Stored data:
= Beginning of Section =

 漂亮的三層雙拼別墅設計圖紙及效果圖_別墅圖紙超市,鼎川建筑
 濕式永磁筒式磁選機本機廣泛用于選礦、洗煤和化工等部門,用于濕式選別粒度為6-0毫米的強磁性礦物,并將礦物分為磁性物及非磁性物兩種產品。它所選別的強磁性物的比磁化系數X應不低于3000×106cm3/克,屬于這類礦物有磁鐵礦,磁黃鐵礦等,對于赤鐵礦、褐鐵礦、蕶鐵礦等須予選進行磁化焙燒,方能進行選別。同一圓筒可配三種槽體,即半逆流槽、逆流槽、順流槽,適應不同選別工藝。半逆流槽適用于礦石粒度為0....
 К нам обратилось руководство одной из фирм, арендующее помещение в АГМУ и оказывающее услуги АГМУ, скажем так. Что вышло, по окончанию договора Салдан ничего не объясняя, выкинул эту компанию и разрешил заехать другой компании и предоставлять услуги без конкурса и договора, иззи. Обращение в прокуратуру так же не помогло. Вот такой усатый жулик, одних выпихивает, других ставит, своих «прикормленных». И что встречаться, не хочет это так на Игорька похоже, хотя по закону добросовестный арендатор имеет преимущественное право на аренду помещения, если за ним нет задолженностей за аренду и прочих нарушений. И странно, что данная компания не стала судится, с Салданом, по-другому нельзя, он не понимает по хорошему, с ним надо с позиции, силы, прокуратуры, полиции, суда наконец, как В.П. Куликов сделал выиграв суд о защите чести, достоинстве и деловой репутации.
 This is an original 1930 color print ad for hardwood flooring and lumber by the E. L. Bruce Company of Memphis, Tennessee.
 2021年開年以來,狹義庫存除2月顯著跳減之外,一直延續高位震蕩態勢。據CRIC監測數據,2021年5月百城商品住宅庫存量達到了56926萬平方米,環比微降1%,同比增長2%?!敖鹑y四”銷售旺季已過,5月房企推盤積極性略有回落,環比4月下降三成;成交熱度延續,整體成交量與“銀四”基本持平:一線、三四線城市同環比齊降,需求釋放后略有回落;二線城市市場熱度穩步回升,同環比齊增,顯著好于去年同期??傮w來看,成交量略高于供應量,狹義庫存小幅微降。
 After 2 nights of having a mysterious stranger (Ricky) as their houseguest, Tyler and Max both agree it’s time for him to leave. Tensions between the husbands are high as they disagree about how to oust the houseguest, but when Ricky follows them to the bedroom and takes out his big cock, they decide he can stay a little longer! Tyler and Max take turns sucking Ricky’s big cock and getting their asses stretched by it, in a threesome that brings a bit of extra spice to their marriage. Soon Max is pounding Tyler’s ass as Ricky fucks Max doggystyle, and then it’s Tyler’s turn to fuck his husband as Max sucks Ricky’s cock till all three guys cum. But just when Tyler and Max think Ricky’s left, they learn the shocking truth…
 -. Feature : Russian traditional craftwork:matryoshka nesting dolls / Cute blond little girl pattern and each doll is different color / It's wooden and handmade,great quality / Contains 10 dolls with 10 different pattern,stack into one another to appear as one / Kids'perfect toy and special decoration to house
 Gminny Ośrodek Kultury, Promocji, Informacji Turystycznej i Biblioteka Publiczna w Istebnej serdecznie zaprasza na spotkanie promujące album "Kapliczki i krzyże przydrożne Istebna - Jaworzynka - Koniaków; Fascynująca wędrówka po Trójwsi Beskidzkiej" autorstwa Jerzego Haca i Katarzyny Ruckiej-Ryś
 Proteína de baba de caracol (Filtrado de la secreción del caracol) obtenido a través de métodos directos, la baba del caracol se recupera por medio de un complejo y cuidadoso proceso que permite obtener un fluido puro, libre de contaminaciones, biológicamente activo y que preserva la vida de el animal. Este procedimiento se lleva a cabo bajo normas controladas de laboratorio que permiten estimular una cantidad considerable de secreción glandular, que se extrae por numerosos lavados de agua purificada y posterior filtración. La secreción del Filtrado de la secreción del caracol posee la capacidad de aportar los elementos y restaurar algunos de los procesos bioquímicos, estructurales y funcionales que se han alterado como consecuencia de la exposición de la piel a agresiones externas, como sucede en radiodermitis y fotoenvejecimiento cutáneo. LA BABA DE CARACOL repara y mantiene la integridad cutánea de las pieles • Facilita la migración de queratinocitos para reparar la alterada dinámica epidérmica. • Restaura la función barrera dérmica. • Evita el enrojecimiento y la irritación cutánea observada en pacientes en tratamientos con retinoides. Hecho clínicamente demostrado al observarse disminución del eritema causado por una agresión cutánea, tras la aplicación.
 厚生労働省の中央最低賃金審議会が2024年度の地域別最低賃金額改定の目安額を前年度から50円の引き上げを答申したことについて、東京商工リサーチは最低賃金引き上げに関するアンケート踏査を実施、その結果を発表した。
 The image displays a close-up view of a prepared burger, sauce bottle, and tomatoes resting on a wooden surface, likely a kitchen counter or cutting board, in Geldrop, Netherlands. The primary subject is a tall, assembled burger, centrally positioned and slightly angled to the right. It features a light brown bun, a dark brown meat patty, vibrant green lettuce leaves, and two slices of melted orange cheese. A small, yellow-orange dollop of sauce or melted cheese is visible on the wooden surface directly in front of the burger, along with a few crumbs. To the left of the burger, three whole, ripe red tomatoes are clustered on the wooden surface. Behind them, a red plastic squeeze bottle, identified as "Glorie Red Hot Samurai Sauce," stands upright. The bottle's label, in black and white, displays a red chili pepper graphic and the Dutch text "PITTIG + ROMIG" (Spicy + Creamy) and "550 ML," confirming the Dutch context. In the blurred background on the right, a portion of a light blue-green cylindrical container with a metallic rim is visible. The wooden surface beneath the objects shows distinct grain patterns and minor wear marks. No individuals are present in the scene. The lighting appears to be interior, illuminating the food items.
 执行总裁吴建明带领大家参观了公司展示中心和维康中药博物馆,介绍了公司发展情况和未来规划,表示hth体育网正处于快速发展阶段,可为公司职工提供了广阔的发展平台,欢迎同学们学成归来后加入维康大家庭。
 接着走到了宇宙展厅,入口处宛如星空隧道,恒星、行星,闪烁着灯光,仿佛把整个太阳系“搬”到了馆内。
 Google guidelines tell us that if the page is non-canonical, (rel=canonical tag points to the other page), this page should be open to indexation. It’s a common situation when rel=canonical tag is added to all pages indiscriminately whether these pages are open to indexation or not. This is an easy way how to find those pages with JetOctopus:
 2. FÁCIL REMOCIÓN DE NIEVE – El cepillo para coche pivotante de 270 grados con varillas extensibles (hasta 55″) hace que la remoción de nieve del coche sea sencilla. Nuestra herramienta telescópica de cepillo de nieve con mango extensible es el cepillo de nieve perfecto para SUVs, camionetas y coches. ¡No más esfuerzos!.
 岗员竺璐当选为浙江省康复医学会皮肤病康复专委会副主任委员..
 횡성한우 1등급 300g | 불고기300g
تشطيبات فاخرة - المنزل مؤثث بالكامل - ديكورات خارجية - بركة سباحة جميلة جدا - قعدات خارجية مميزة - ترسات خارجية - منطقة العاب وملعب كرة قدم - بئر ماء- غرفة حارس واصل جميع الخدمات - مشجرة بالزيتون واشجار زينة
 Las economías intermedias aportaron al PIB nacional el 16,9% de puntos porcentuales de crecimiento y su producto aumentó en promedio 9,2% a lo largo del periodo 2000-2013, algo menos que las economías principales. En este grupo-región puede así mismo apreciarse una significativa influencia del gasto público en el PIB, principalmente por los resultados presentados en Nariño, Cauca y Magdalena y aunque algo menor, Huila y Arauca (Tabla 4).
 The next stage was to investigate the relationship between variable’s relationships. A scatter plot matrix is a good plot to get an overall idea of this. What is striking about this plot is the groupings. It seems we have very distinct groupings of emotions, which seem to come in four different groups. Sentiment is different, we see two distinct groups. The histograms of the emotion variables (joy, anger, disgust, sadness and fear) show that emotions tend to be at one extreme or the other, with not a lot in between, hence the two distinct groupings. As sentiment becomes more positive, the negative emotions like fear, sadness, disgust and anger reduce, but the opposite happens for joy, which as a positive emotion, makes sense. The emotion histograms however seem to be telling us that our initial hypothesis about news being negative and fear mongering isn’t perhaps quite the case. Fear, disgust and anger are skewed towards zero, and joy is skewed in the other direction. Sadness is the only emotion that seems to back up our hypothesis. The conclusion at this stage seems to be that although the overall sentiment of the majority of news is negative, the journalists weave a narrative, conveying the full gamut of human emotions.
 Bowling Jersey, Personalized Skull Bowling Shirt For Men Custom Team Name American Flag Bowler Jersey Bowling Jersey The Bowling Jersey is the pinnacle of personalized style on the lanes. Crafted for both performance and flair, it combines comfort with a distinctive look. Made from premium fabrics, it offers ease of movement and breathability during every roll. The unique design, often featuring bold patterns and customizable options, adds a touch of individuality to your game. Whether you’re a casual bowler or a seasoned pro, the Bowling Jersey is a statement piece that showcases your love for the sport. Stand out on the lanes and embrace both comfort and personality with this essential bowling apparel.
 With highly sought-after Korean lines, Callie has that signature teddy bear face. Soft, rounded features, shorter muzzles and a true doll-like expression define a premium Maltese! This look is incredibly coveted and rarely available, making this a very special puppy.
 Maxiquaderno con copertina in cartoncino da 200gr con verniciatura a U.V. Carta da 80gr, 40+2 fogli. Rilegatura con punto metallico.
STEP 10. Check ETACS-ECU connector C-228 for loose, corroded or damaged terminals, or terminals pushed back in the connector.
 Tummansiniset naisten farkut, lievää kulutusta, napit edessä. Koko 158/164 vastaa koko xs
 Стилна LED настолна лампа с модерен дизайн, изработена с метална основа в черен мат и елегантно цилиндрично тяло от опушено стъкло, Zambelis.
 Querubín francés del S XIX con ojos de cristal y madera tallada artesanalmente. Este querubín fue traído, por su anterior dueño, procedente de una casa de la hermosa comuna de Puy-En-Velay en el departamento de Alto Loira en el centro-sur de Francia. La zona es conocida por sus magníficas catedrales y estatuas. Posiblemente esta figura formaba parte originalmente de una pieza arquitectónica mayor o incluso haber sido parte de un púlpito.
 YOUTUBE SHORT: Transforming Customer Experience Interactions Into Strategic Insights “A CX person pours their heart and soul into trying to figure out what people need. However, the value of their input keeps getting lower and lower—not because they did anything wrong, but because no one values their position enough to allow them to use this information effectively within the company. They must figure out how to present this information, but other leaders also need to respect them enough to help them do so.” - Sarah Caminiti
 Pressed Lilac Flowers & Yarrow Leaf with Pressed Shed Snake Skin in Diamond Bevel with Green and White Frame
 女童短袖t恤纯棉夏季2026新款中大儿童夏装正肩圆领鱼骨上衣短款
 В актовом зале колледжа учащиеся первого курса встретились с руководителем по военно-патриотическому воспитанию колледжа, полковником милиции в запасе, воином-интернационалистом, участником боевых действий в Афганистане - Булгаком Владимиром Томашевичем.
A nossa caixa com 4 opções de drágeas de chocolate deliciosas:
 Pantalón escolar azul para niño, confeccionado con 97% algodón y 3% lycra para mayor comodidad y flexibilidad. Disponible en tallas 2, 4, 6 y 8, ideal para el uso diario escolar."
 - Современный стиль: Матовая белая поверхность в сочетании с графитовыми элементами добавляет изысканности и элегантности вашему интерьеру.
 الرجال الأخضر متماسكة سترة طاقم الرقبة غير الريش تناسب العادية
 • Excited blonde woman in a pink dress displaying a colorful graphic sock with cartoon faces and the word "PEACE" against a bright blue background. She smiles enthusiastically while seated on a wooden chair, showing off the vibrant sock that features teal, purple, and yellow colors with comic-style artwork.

= End of Section =

◆ **How to complete this task**:
Extract, please, the lines from the start of the entries above through the one with "濕式永磁筒式磁選機本機廣泛用", both included, reproducing each exactly and adding nothing.

◆ **Answer box**:
 漂亮的三層雙拼別墅設計圖紙及效果圖_別墅圖紙超市,鼎川建筑
 濕式永磁筒式磁選機本機廣泛用于選礦、洗煤和化工等部門,用于濕式選別粒度為6-0毫米的強磁性礦物,并將礦物分為磁性物及非磁性物兩種產品。它所選別的強磁性物的比磁化系數X應不低于3000×106cm3/克,屬于這類礦物有磁鐵礦,磁黃鐵礦等,對于赤鐵礦、褐鐵礦、蕶鐵礦等須予選進行磁化焙燒,方能進行選別。同一圓筒可配三種槽體,即半逆流槽、逆流槽、順流槽,適應不同選別工藝。半逆流槽適用于礦石粒度為0....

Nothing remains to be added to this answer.